Start of GIVEN ENTRIES

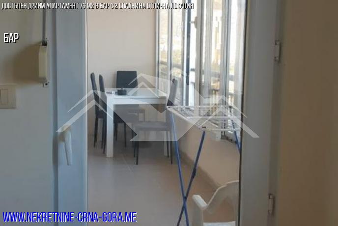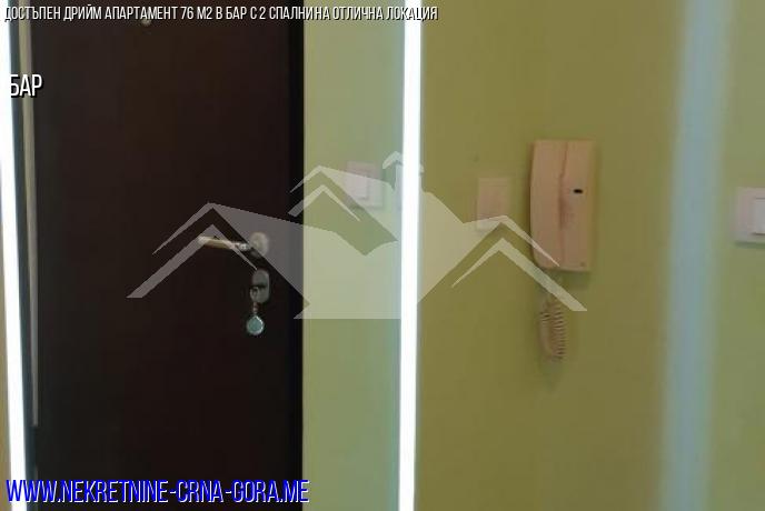 Продава се голям просторен апартамент от 76 м2 с 2 спални в град Бар в качествен жилищен комплекс. Къщите на комплекса са построени преди 10 години. През това време жилищният комплекс се е доказал много добре.
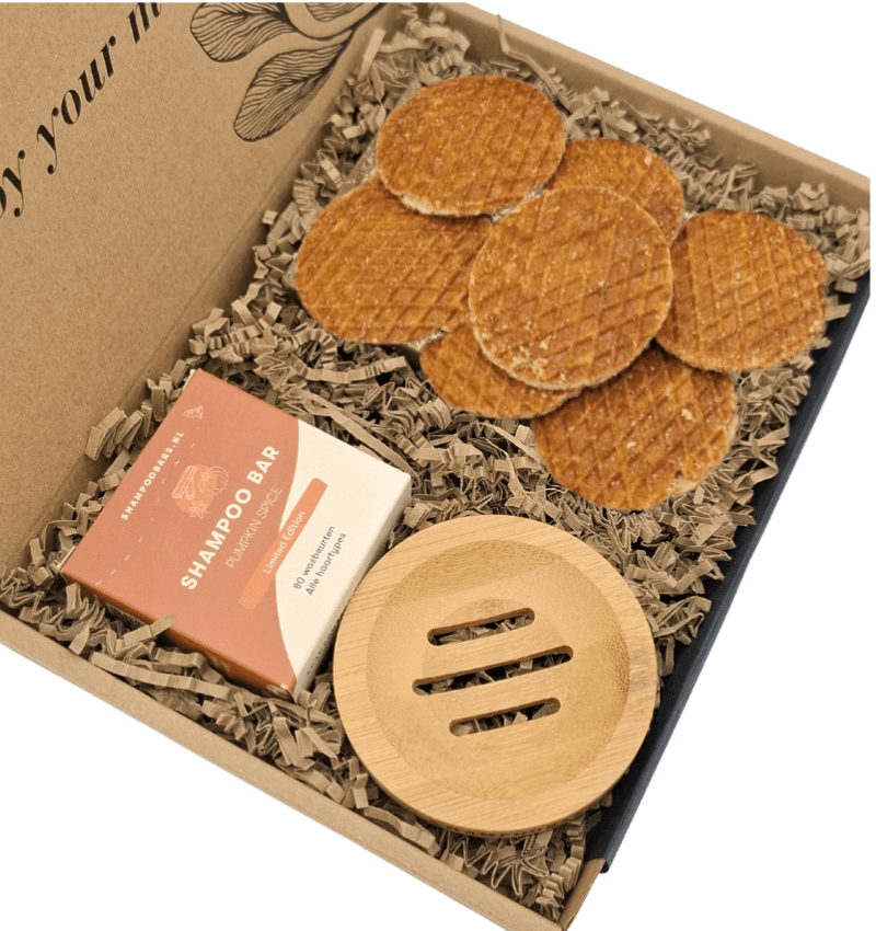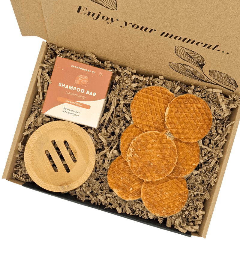 Een heerlijk verrassingspakket voor zowel de smaakpapillen als de zintuigen. Dit luxe brievenbuscadeau combineert een ambachtelijke stroopwafels met een geurige Pumpkin Spice shampoo bar en een duurzaam bamboe uitlekbakje. Perfect om iemand een warm en origineel cadeau te geven.
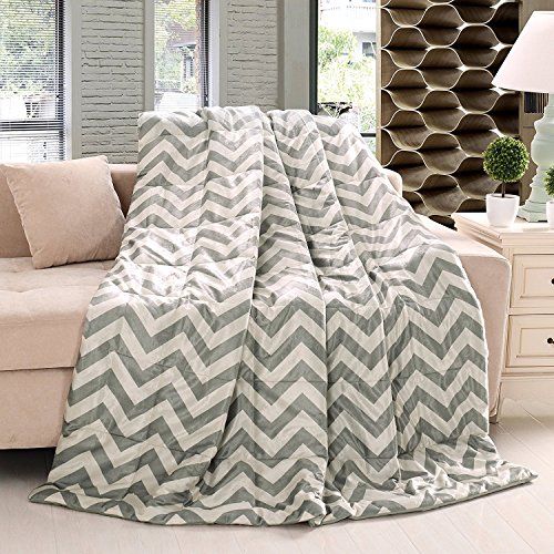 Luxurious Grey and White Oversized Chevron Throw Blankets 60" x 70" Super Comfy, Soft and Plush
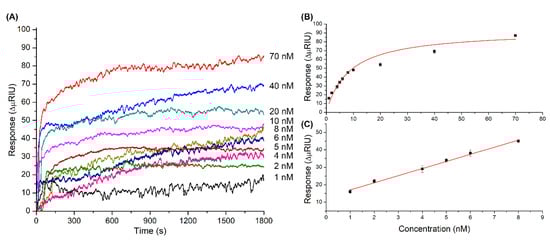 Figure 5 shows the response graphs of the NT biosensor. The association curves obtained at 25 °C and pH 7.5 ranged from 1.0 to 100 nM (Figure 5A). The concentration versus response obtained was graphed (n = 4) (Figure 5B) and is also consistent with a Langmuir adsorption isotherm with one binding site [,]. The linear range was determined between 1.0 and 8.0 nM, with an adjustment of R2 of 0.99 (Figure 5C). The sensitivity of the system determined from the slope of the calibration curve was 4.1 ΔμRIU/nM (±0.1) (see calculations and values obtained in Table S4, in the Supplementary Materials).
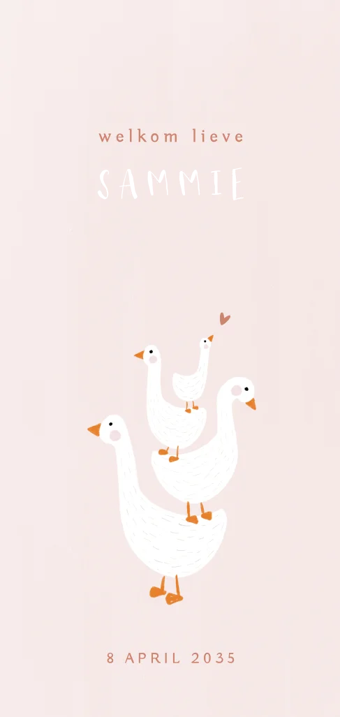 Geboortekaartje met goudfolie en familie gans tegen een zachtroze achtergrond.
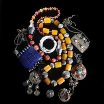 Multani necklace damage to enamel, assessed as silver pendant with base meatl or low grade silver chain; bakelite necklace some beads with dents wear commenserate with age; agate beads quite worn; turquoise very worn assessed as silver; tear drop pendantassessed as base metal with silver chain; hexagonal assessed as silver; saclloped pendant assessed as base metal.
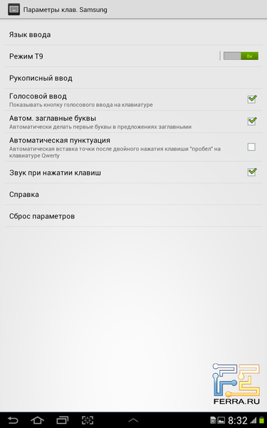 Настройки клавиатуры на Samsung Galaxy Tab 2 10.1

End of GIVEN ENTRIES

THE TASK: Every line of the data is to be transcribed exactly, and no picture is to be included.

ANSWER:
 Продава се голям просторен апартамент от 76 м2 с 2 спални в град Бар в качествен жилищен комплекс. Къщите на комплекса са построени преди 10 години. През това време жилищният комплекс се е доказал много добре.
 Een heerlijk verrassingspakket voor zowel de smaakpapillen als de zintuigen. Dit luxe brievenbuscadeau combineert een ambachtelijke stroopwafels met een geurige Pumpkin Spice shampoo bar en een duurzaam bamboe uitlekbakje. Perfect om iemand een warm en origineel cadeau te geven.
 Luxurious Grey and White Oversized Chevron Throw Blankets 60" x 70" Super Comfy, Soft and Plush
 Figure 5 shows the response graphs of the NT biosensor. The association curves obtained at 25 °C and pH 7.5 ranged from 1.0 to 100 nM (Figure 5A). The concentration versus response obtained was graphed (n = 4) (Figure 5B) and is also consistent with a Langmuir adsorption isotherm with one binding site [,]. The linear range was determined between 1.0 and 8.0 nM, with an adjustment of R2 of 0.99 (Figure 5C). The sensitivity of the system determined from the slope of the calibration curve was 4.1 ΔμRIU/nM (±0.1) (see calculations and values obtained in Table S4, in the Supplementary Materials).
 Geboortekaartje met goudfolie en familie gans tegen een zachtroze achtergrond.
 Multani necklace damage to enamel, assessed as silver pendant with base meatl or low grade silver chain; bakelite necklace some beads with dents wear commenserate with age; agate beads quite worn; turquoise very worn assessed as silver; tear drop pendantassessed as base metal with silver chain; hexagonal assessed as silver; saclloped pendant assessed as base metal.
 Настройки клавиатуры на Samsung Galaxy Tab 2 10.1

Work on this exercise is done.